Universal emotion
It was assumed for a long time that emotion were learned and thus vary and reflect each culture. Forty years ago, psychologist Paul Ekman took his camera to the island of New Guinea to photograph the faces of the South Fore people. He wanted to prove that the expressions on their faces did not mirror social convention but were universal displays of human emotion.
At the time most anthropologists thought that a smile could convey joy in one culture and disgust in another. Ekman thought otherwise. In his first research, Ekman showed these very faces and others like them to people in twenty-one different cultures around the world. The viewers were asked to say what emotion was shown. Despite the differences in culture and language, the same emotions were ascribed in each culture. Everyone said the in expression of the top right picture was happy, though they might have used a different word for it. Everyone called the top middle disgust or disdain.
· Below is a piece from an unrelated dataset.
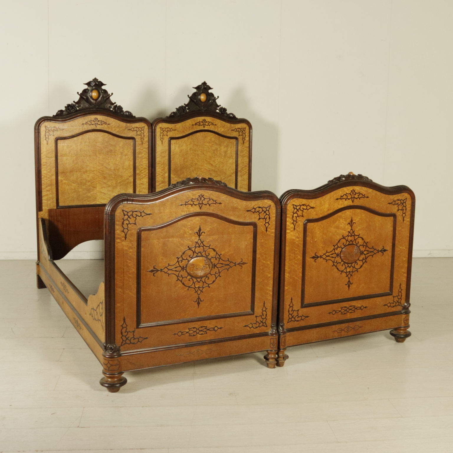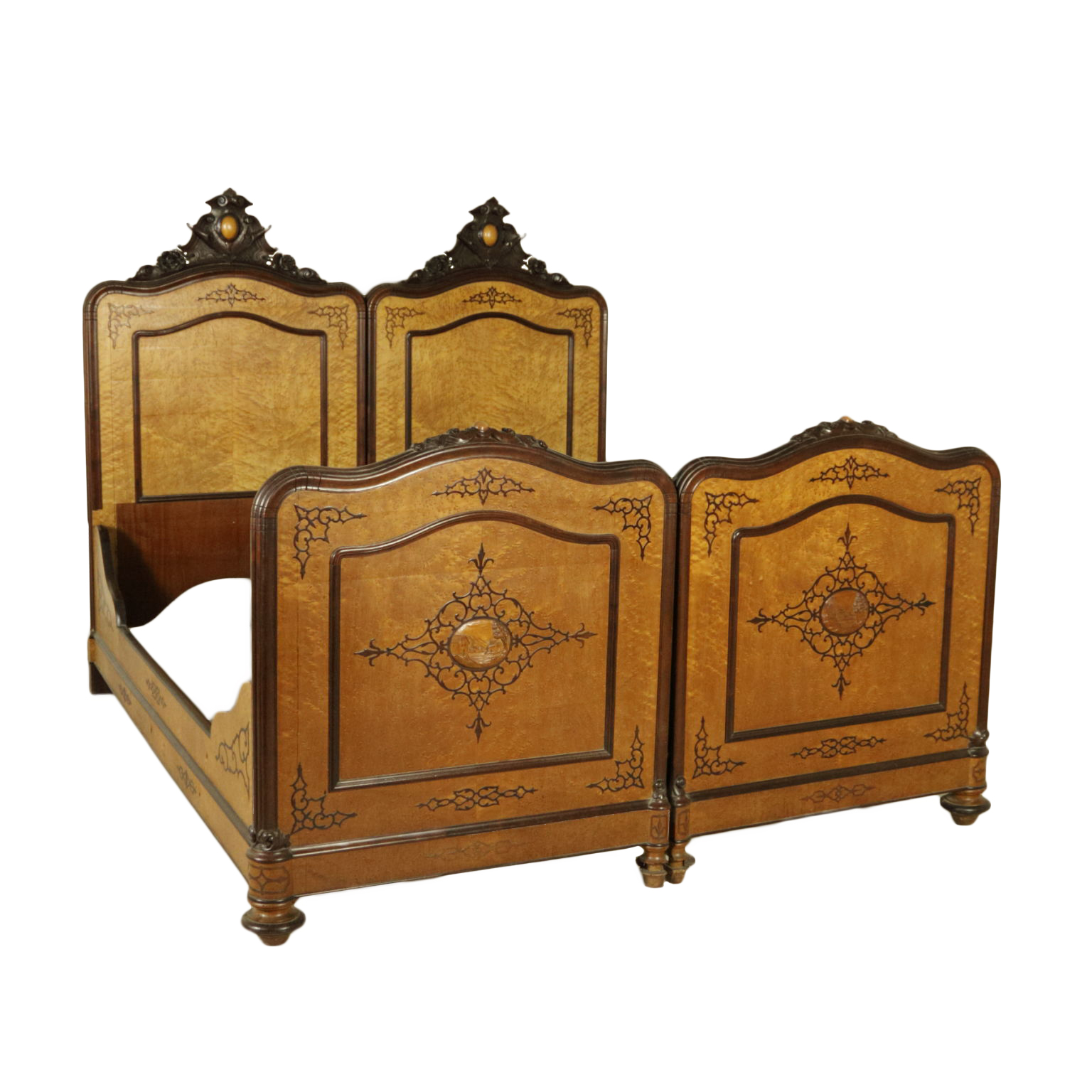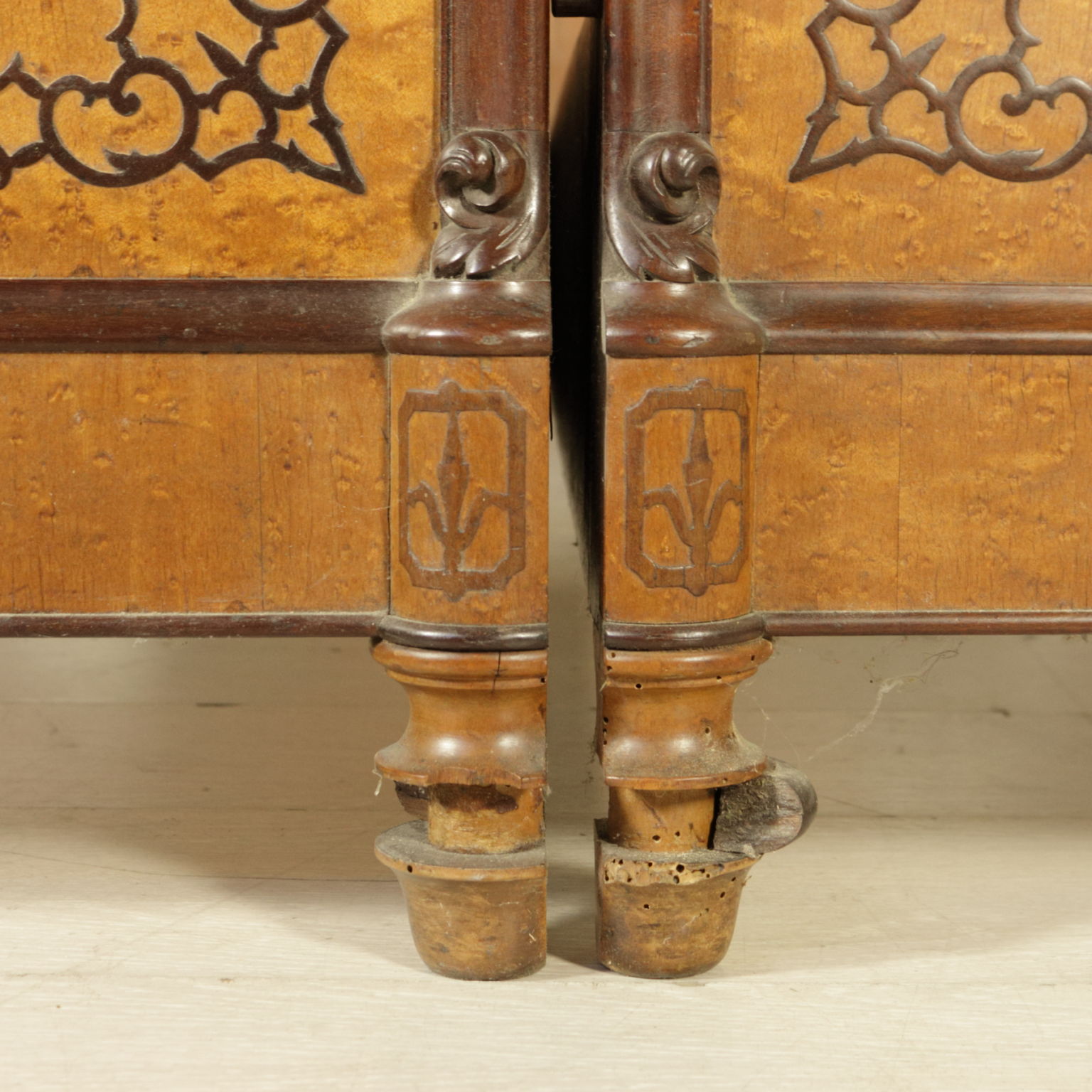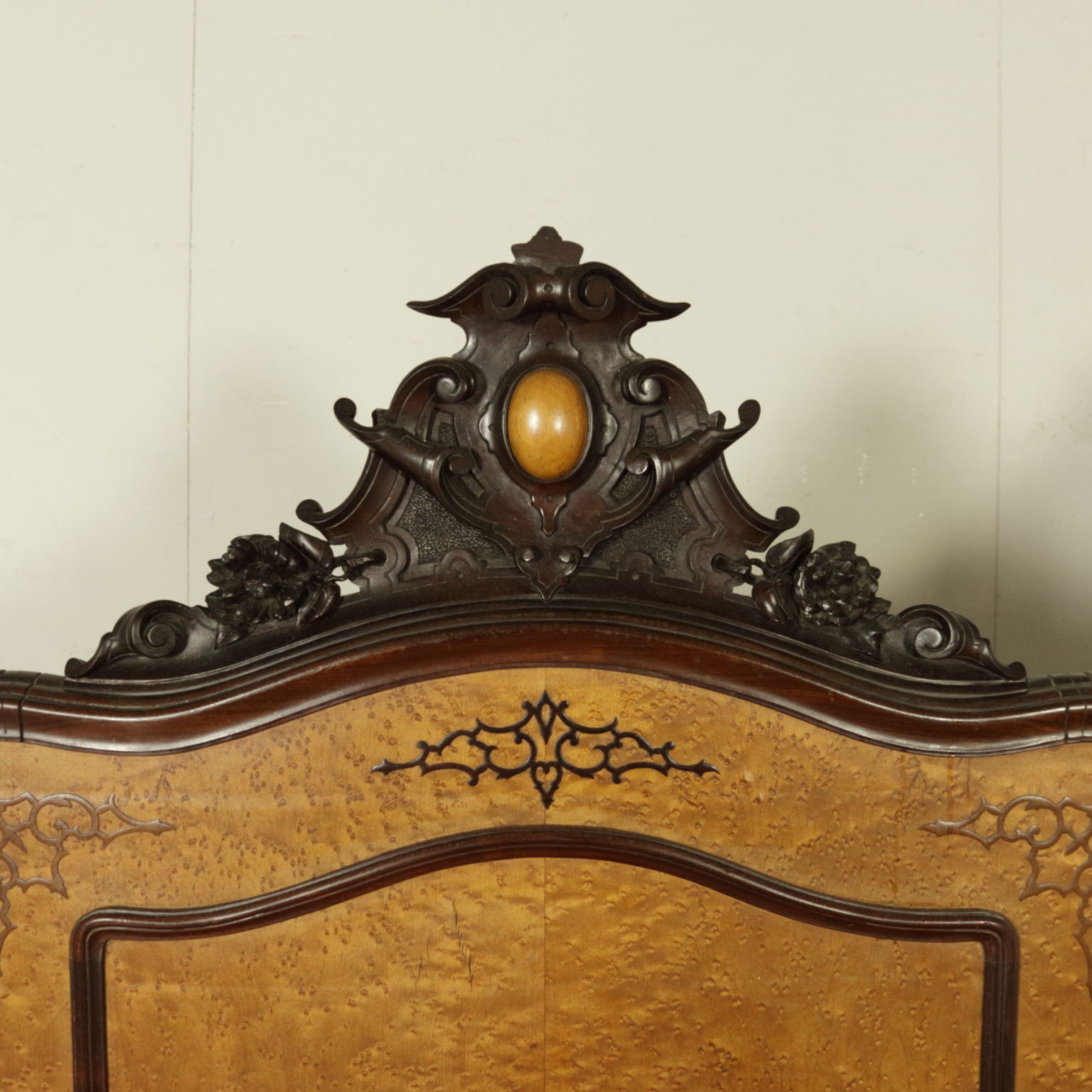 Descrizione Coppia di letti Luigi Filippo, produzione italiana della metà del XIX Secolo. Pannelli in radica di acero con cornici e fregi. Cimasa riccamente intagliata con cameo in acero.

Although Ekman’s experiments showed that people from other cultures could read expressions on North American faces, some protested that exposure to magazines and films might have obscured the differences between cultures, Ekman went to South Fore to try his experiment with people who had never had contact with the outside world. When participants were asked to point to a pictured face that matched the emotion evoked by a particular story — anger, disgust, fear, joy, sadness or surprise — they made the same associations as people living elsewhere. Ekman also asked the participants to show him what their face would look like in different situations. "Show me what your face would look like if you were about to fight." Or "Show me what your face would look like if someone did something you didn’t like but you were not going to fight." Or "Show me what your face would look like if you learned your child had died."